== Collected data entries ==
==============================
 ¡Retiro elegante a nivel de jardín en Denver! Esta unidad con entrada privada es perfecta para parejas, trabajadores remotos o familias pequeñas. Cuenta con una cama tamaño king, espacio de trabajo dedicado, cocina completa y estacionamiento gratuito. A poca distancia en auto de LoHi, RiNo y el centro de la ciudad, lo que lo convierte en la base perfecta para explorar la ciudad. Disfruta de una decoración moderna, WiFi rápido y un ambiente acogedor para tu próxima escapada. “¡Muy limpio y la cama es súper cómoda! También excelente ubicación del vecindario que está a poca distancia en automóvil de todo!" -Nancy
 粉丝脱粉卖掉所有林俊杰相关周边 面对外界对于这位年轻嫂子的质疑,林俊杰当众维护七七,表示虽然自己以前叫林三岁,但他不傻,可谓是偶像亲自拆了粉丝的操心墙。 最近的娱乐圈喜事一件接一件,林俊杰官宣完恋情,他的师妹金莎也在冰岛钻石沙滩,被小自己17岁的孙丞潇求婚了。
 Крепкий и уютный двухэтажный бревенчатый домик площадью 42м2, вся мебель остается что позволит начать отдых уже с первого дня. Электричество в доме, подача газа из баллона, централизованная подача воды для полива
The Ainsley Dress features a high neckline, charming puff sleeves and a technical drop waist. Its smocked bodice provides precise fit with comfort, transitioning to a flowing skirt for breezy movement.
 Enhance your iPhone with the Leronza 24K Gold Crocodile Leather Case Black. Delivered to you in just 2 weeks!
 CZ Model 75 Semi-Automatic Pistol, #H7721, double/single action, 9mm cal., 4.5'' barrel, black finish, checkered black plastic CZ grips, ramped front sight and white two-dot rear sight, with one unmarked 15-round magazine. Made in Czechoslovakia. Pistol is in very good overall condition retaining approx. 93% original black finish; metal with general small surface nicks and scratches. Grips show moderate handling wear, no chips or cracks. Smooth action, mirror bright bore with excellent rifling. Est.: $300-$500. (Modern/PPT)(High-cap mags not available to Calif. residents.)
==============================
== PROMPT ==
Word for word, write out all of the entries again.

== TASK RESPONSE ==
 ¡Retiro elegante a nivel de jardín en Denver! Esta unidad con entrada privada es perfecta para parejas, trabajadores remotos o familias pequeñas. Cuenta con una cama tamaño king, espacio de trabajo dedicado, cocina completa y estacionamiento gratuito. A poca distancia en auto de LoHi, RiNo y el centro de la ciudad, lo que lo convierte en la base perfecta para explorar la ciudad. Disfruta de una decoración moderna, WiFi rápido y un ambiente acogedor para tu próxima escapada. “¡Muy limpio y la cama es súper cómoda! También excelente ubicación del vecindario que está a poca distancia en automóvil de todo!" -Nancy
 粉丝脱粉卖掉所有林俊杰相关周边 面对外界对于这位年轻嫂子的质疑,林俊杰当众维护七七,表示虽然自己以前叫林三岁,但他不傻,可谓是偶像亲自拆了粉丝的操心墙。 最近的娱乐圈喜事一件接一件,林俊杰官宣完恋情,他的师妹金莎也在冰岛钻石沙滩,被小自己17岁的孙丞潇求婚了。
 Крепкий и уютный двухэтажный бревенчатый домик площадью 42м2, вся мебель остается что позволит начать отдых уже с первого дня. Электричество в доме, подача газа из баллона, централизованная подача воды для полива
The Ainsley Dress features a high neckline, charming puff sleeves and a technical drop waist. Its smocked bodice provides precise fit with comfort, transitioning to a flowing skirt for breezy movement.
 Enhance your iPhone with the Leronza 24K Gold Crocodile Leather Case Black. Delivered to you in just 2 weeks!
 CZ Model 75 Semi-Automatic Pistol, #H7721, double/single action, 9mm cal., 4.5'' barrel, black finish, checkered black plastic CZ grips, ramped front sight and white two-dot rear sight, with one unmarked 15-round magazine. Made in Czechoslovakia. Pistol is in very good overall condition retaining approx. 93% original black finish; metal with general small surface nicks and scratches. Grips show moderate handling wear, no chips or cracks. Smooth action, mirror bright bore with excellent rifling. Est.: $300-$500. (Modern/PPT)(High-cap mags not available to Calif. residents.)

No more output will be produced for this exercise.